John Linton I had an Exetel free day yesterday for the first time in a very long while. Perhaps t was the very late start to the 'computer' day caused by whatever it was but by the time that was fixed there was very little time to complete the Sunday 'chores' before driving my youngest daughter to the airport. She is going to London for three days to meet some people at IBM who she has applied to for a transfer from IBM Australia. Very exciting for her and I really hope she gets the job despite feeling a regret that we will see very little of her for at least two years and quite possibly longer than that. She has worked for IBM since finishing her IT degree some 5+ years ago and it has given her a very solid basis for continuing a career in the booming technology marketplaces if that's what she wants to do. Her current 'boy' friend (if you can apply such a term to males in their late 20s) is also planning to go to the UK to do his MBA so that allows her to keep one set of her options open.

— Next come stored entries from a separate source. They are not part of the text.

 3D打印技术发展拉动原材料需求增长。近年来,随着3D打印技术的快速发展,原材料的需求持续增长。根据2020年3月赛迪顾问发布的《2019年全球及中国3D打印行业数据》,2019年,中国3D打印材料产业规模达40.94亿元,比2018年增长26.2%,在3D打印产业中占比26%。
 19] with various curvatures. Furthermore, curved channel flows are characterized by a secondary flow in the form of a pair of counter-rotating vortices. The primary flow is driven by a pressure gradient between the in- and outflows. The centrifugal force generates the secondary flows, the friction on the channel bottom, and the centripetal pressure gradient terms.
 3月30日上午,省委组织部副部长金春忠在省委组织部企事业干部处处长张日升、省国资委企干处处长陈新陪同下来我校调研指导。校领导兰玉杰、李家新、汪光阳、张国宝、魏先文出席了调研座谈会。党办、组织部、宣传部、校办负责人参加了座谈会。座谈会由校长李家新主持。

Annette and I then met up with our eldest son and had a leisurely lunch (which was surprisingly good) at one of the 'strip' of restaurants that now comprise half of the rebuilt Finger Wharf at Woolloomooloo. We chatted on about this and that for a couple of hours until the sun no longer warmed our part of the world and drank some very nice wine to go with the very nice food (I can't remember when I last had a decent, unfussed with, piece of beef). It occurred to me over lunch that four of my five children have all taken up jobs in IT from the time they graduated and three of them worked part time in IT throughout their studies from late high school. As Annette had been her usual abstemious self we we able to drive home without incident.
While we were driving home I thought about today's graduates and what they wanted from their "20's". We recently had a spate of resignations (if three can be described as a spate) from the graduates we have employed in corporate sales trainee roles which has caused me to re-think that, to date, very successful process of building a corporate sales team. Each one of the resignations were because the people concerned wanted to 'take three months off' to go and do something more interesting than their current jobs. Their time with Exetel had varied - 25 months 20 months and 8 months but I found it difficult to understand why people would give up a career that they were beginning to do well at to "do something more interesting" for three months after barely starting their working life. Times have obviously changed considerably and I haven't been aware of these changes. It is something that we will need to much better understand and change in our recruiting processes.
I would like to be able to say that when we got home that I did something useful but that would not be true. I dozed in front of the TV for a while before arousing to pretend I was interested in the news and then an old movie. It was only when we eventually went to bed that I realised that I had done no 'work' and for the vast majority of the day I hadn't thought about Exetel or the Australian comms markets. A very strange day in that respect and perhaps an indication of days to come.